Ms Manche (DPLG) pointed out that these questions had been raised several times before. Namely, how the Bill should make it possible for the municipality to access the properties while balancing that exercise with the constitutional right of the owners to privacy. However it would be too onerous to require the municipality to make an arrangement with each and every owner before an inspection. To tighten up the provision the Department would consider the route of allowing the municipalities to place notices in the newspaper.
She noted that the time frame of 7:30 to 5:00 was chosen because it was a reasonable time for the municipality to conduct the inspections. If there was no co-operation in respect of 35(b|) the valuer could rely on the information at their disposal, for example, information from estate agencies. On the issue of extracts from documents, she pointed out that an extract would include any information pertinent to that property.
Clause 36 Conduct of valuers
Mr Manyike (DPLG) pointed out Clause 36 was aimed at regulating the conduct of the valuer, and the valuer was required to disclose any conflict of interests and to adhere to the Code of Conduct as set out in Schedule 2 of the Municipal Systems Act. If there was a failure to disclose any conflict of interests, the valuer would be guilty of misconduct.
Mr Carrim asked if the Department could redraft 36(5) into much simpler language.
Mr Smith (IFP) was of the view that there was a need to broaden the scope of conflict of interest beyond what was contained in Clause 36(1).
Clause 37 Protection of confidential information
Mr Vaz (DPLG) pointed out that Clause 37 prohibited a municipal valuer from disclosing to any person any confidential information obtained in terms of the proposed Bill.
No questions were asked in respect of this clause
Clause 38 Valuation
Mr Vaz (DPLG) stated that Clause 38 allowed for comparative, analytical and other systems or techniques to be used, including aerial photography and computer-assisted mass appraisal systems, for the purposes of valuing a property. Techniques based on predetermined bands could be used if the available market-related data of any category of rateable property was not sufficient.
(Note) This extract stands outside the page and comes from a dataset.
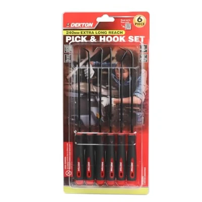 ManoManoDekton 6pc Hook And Pick Set Precision Tool O Ring Seal Removal Scraper 240mm� Extra long reach. � Ideal for retrieving lost parts and mechanical use. � Perfect for removing fuses and o-rings. � Great for separating wires. � Soft anti-slip grips. � Includes: 1pc straight hook, 1pc 45� angle, 1pc 90� angle, 3pc double angle.

Mr Carrim asked how a municipality would arrive at a technique based on predetermined bands.
Ms Manche pointed out that subsection 3 clearly stated that the information might be insufficient but available.
Clause 39 General basis of valuation
Mr Vaz (DPLG) pointed out that Clause 39 provided for the basis for valuation. The improved value of property should be the amount the property would have realised if sold on the date of valuation in the open market by a seller to a buyer. Clause 39(2) also required the value of a property to reflect any licence or privilege relating to the property and any form of illegal improvement.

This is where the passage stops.